___ Data records ___
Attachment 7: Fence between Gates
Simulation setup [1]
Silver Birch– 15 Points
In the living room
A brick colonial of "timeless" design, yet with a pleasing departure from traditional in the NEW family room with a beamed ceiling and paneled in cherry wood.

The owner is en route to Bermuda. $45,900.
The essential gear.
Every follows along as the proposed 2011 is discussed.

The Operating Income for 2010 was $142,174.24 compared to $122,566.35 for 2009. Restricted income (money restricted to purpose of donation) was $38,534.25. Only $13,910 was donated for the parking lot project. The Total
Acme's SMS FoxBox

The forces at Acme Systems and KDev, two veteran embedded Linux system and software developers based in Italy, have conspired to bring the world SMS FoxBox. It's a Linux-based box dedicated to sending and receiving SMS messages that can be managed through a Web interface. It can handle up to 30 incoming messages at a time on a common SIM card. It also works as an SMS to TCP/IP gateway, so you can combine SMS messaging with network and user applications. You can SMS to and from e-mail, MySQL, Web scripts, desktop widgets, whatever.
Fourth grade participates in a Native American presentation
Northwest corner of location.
___
___ Data records ___
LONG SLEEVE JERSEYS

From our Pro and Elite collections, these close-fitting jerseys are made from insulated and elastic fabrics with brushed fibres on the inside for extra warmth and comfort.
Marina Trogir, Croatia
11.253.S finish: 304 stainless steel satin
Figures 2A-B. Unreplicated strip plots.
___
* Directions
Copy out only the lines above from the one with "Every follows along" to the one with "Acme's SMS FoxBox", inclusive, exactly as they stand.

* Task response
Every follows along as the proposed 2011 is discussed.

The Operating Income for 2010 was $142,174.24 compared to $122,566.35 for 2009. Restricted income (money restricted to purpose of donation) was $38,534.25. Only $13,910 was donated for the parking lot project. The Total
Acme's SMS FoxBox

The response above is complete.